The thought of becoming a doctor didn’t occur to Anita Sinese, DO, until she was finishing college. Though she’d always had an aptitude for the life sciences, she shuddered at the thought of working in a lab.

In becoming a doctor, she’d have the opportunity to interact with real people in a meaningful way. And that, Dr. Sinese decided, trumped all other considerations.

“I’m a person who needs to be at rounds and at the bedside of my patients,” Dr. Sinese says. “I’m less of a meetings-and-email person. I need to be in the trenches, getting things done.”

To that end, Dr. Sinese earned her medical degree from the Philadelphia College of Osteopathic Medicine and became board certified in Internal Medicine.

An acute-care hospitalist for the last decade, Dr. Sinese has been a first-hand witness to the opioid epidemic.

She ran inpatient cardiology services at Jefferson Health’s Abington-Lansdale Hospital, where she saw the number of people addicted to opioid swell without an adequate response. Almost always, they were too far gone by the time they were rushed to the emergency room or went into cardiac arrest in the intensive care unit.

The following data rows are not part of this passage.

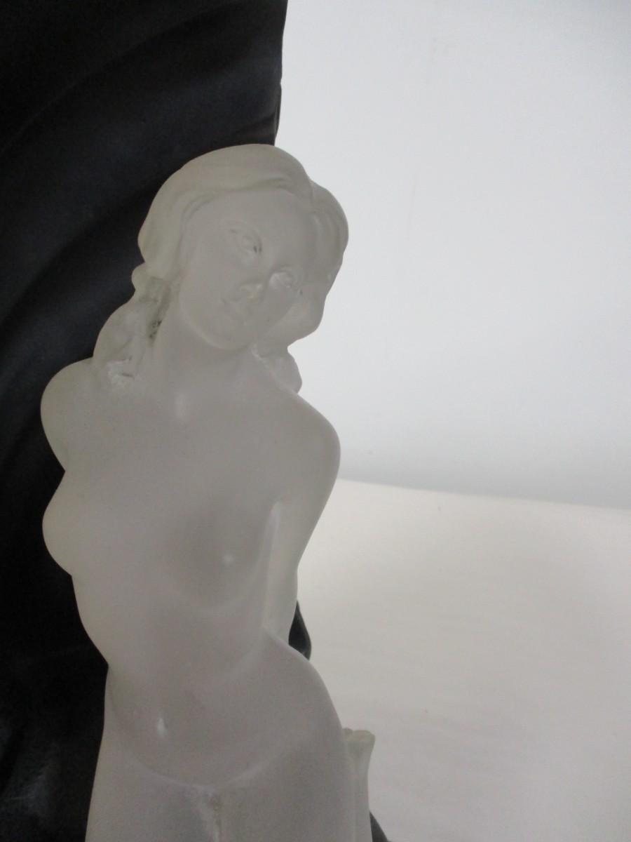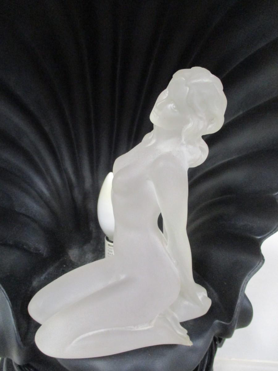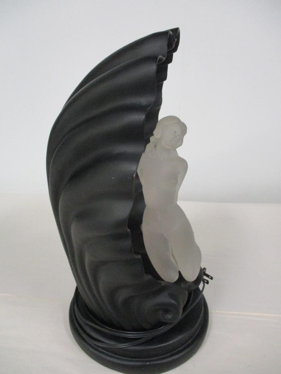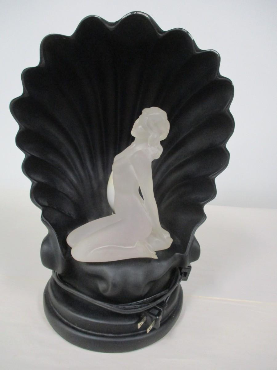 Vintage Art Deco Nude in Shell Base Backdrop Lucite Figure Changing Color Light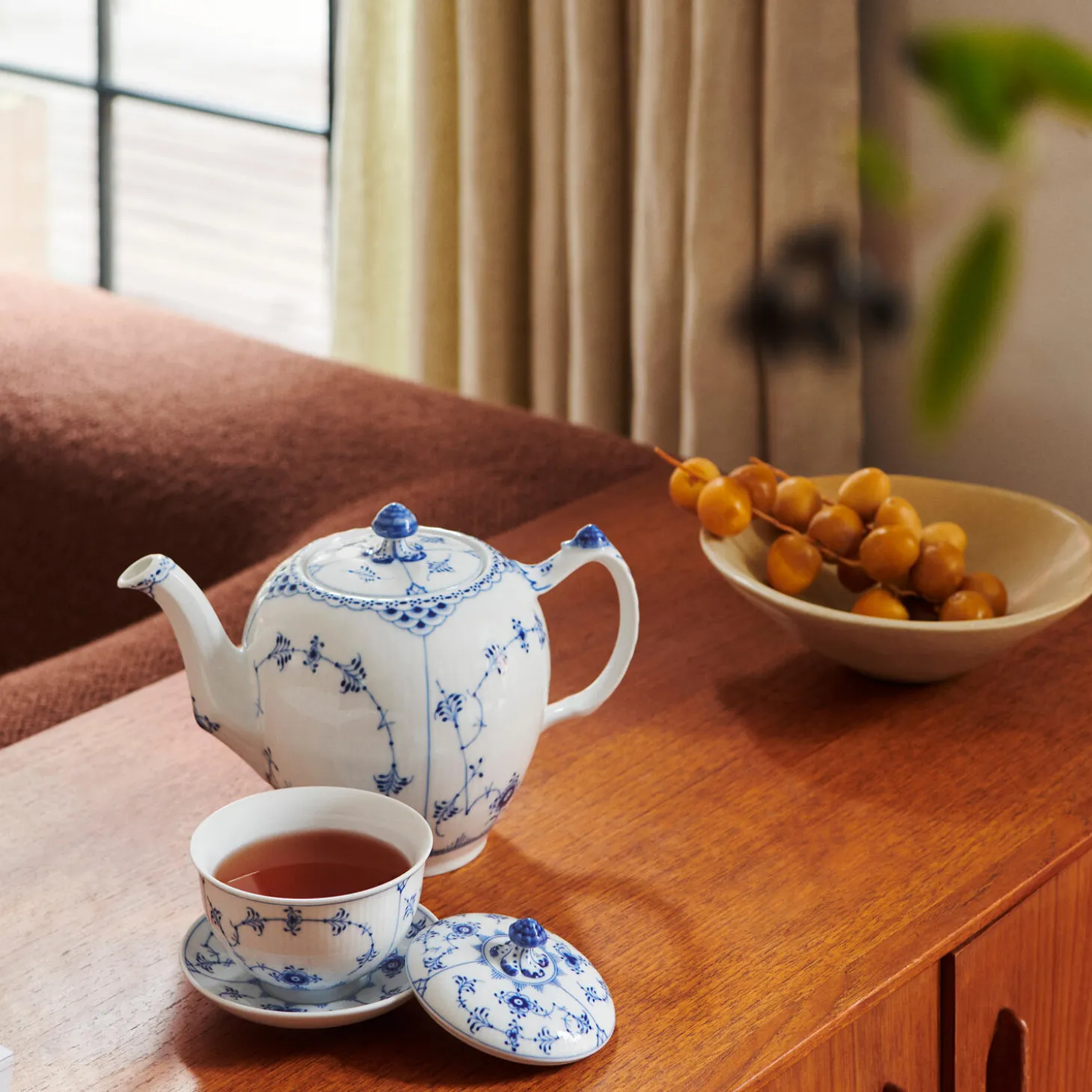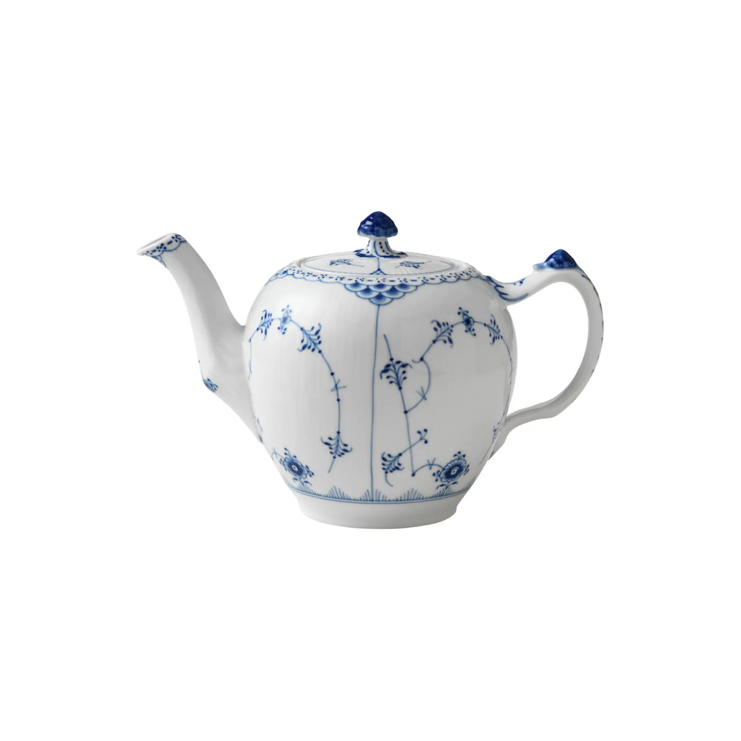 Musselmalet Halvblonde tekande i porcelæn fra Royal Copenhagen. Tilføj et strejf af elegance til din te-stund med denne håndmalede Musselmalet Halvblonde Tekande. Blå blonder og fine penselstrøg indrammer de stiliserede palmetter og blomster som fortsætter ud på porcelænskandens tud og hank, der også er dekoreret med en lille snegl. Tekanden på 100 cl skaber et klassisk tebord og er perfekt til te for to.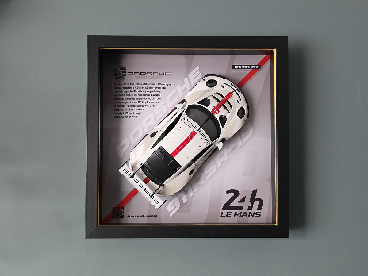 Praktyczność spotyka pasję: model mocuję na magnes, więc nie jest przyklejony na stałe. Bez trudu zdejmiesz go do czyszczenia lub krótkiej zabawy, a potem pewnie umieścisz z powrotem – bez śladu i bez ryzyka. Na życzenie dodam subtelne podświetlenie LED, które po zmroku wydobędzie linie nadwozia i nada kompozycji klimatu toru nocą. Masz w padoku Porsche 911 RSR? Powieś ją na ścianie. Jeszcze o niej marzysz? Zwizualizuj – i miej zawsze w zasięgu wzroku.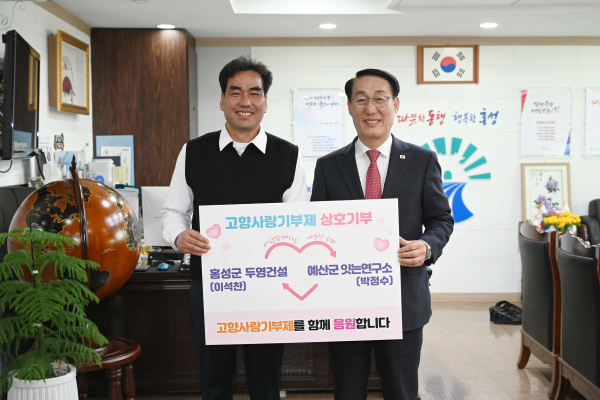[충청뉴스 권상재 기자] 홍성군과 예산군이 지난 7일 홍성군의 ‘두영건설’과 예산군의 ‘잇는연구소’ 두 업체 간의 고향사랑 기부금 전달로 이웃 지자체 간 상호 기부의 시작을 알렸다.

“We had a lot of young people come in, and there was no longer anything we could do for them. I saw a lot of them for the final time,” Dr. Sinese shares.

Before long, she started seriously wondering where these patients were receiving their health care because they’d clearly been lost in the system. She found that most were not undergoing substance use disorder treatment, but they’d also neglected all routine health care.

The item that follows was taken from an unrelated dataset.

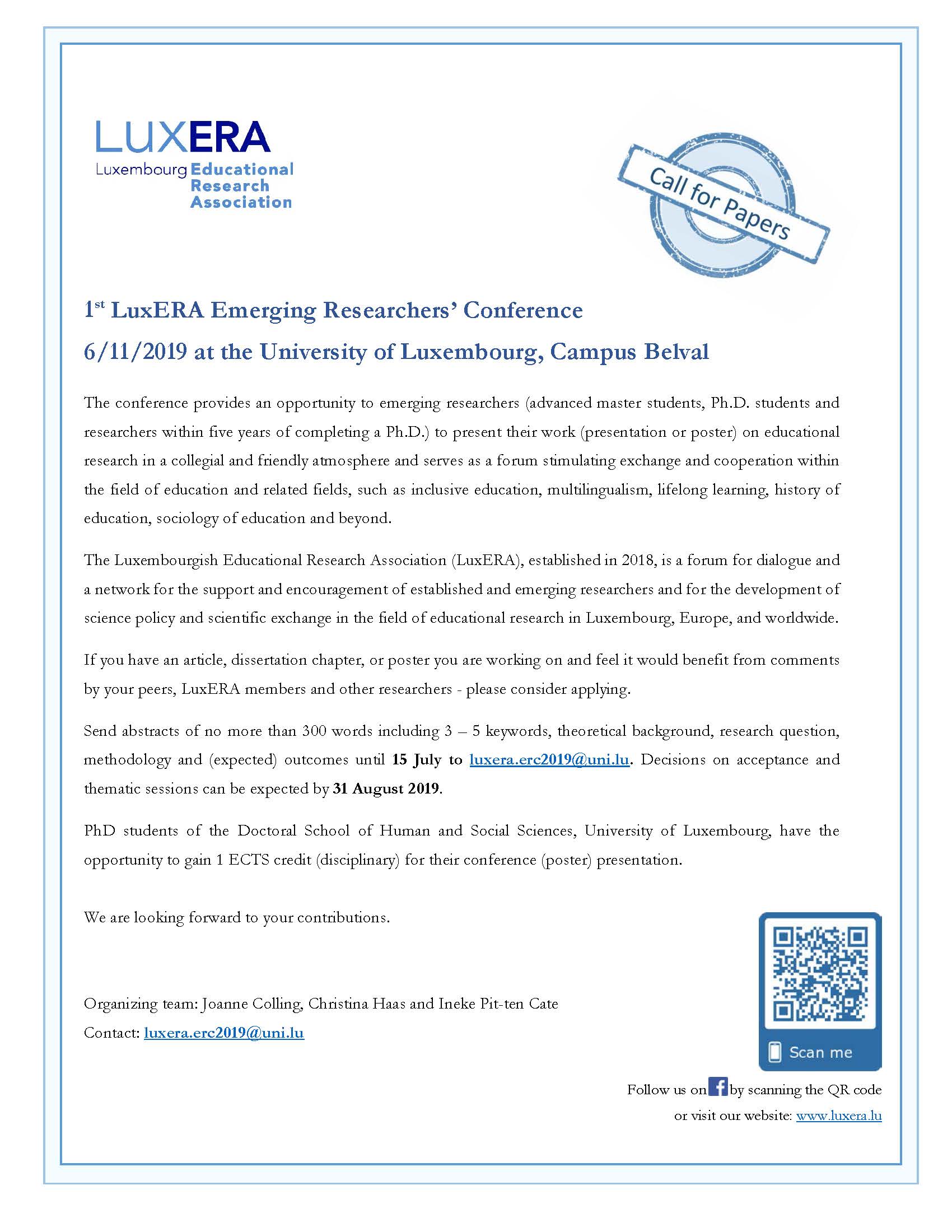 | LuxERA Emerging Researchers Conference, 6th November 2019 Call for Papers | Keynote | Program | Abstract Book | Photos |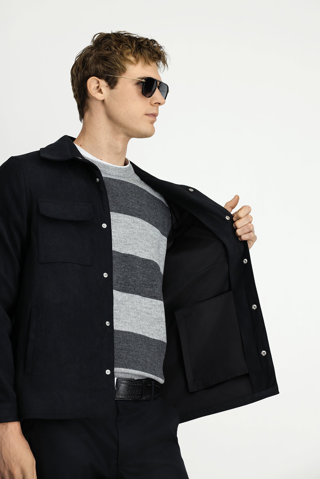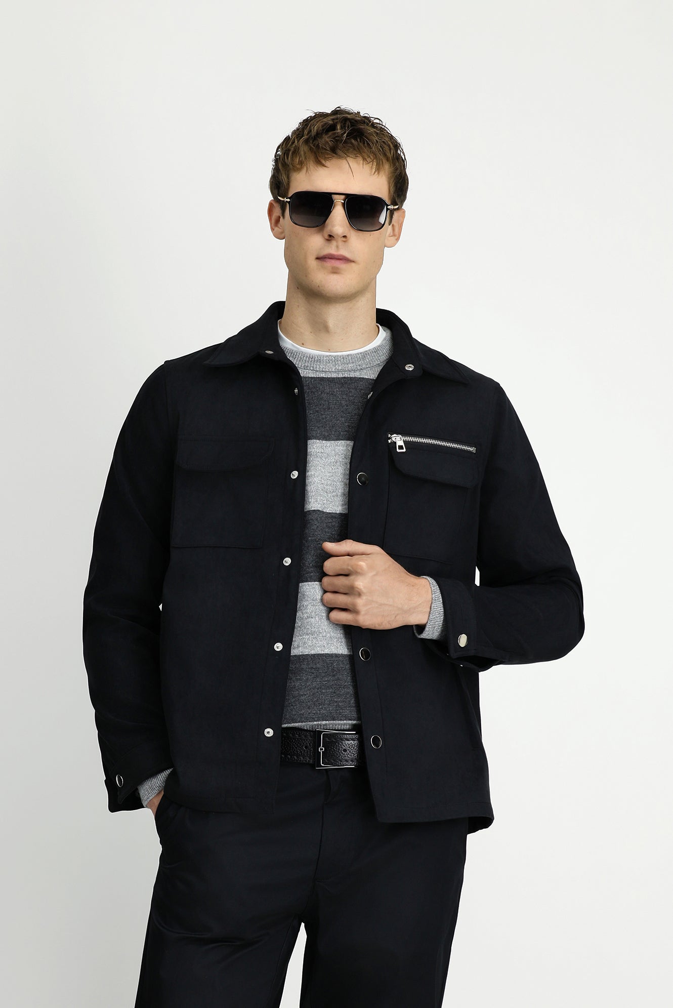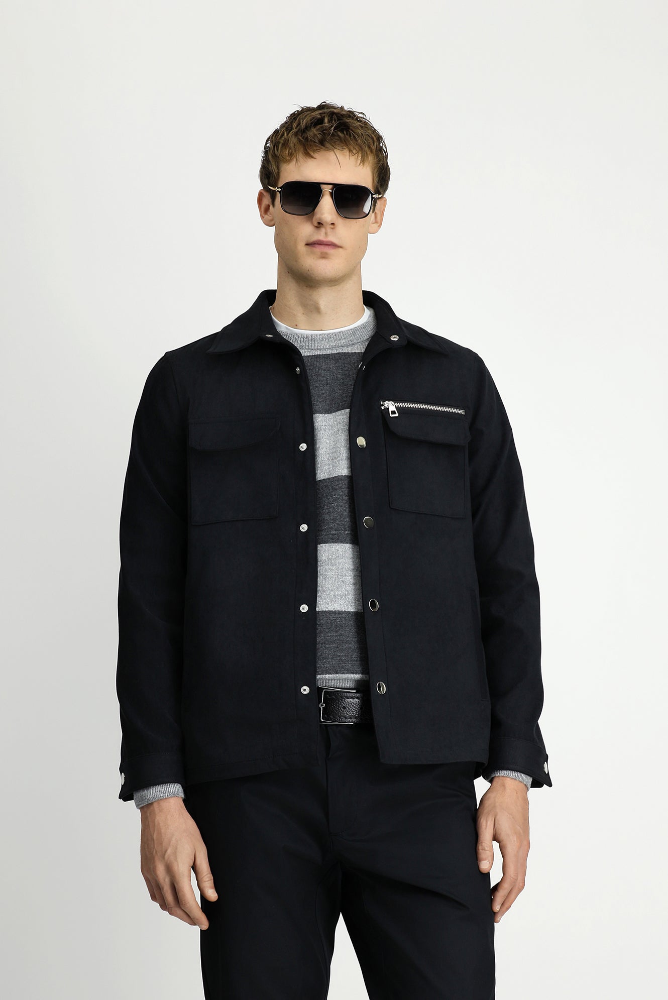 Orta Antrasit Cepli Çıtçıtlı Süet Ceket / Mont

She reached her tipping point in 2018.

“I realized I didn’t want to be the final doctor they’re seeing anymore,” Dr. Sinese says. “I want to see them at the forefront.”

Dr. Sinese describes her learning curve since starting at Eagleville Hospital earlier this year as “extreme.” Jon Lepley, DO, the hospital’s new medical director, has been mentoring her in medication-assisted treatment (MAT), which Eagleville began implementing earlier this year.

But she’s been able to apply her expertise as an internist. “We’re seeing a lot of people with chronic kidney and heart disease,” Dr. Sinese says. “So what I’m able to do now is link their medical care and addiction treatment so that they can safely go through rehab.”

Ultimately, Dr. Sinese would like to begin sharing her experiences with other health care providers in the surrounding community to better address the gaps she’s always identified in the healthcare system.

“I feel like I’ve entered this field at a moment when everything is changing so quickly,” she says. “I want to help remove the stigma that’s attached to those in recovery so that they feel more comfortable seeking care, not just treatment, once they re-enter the community.”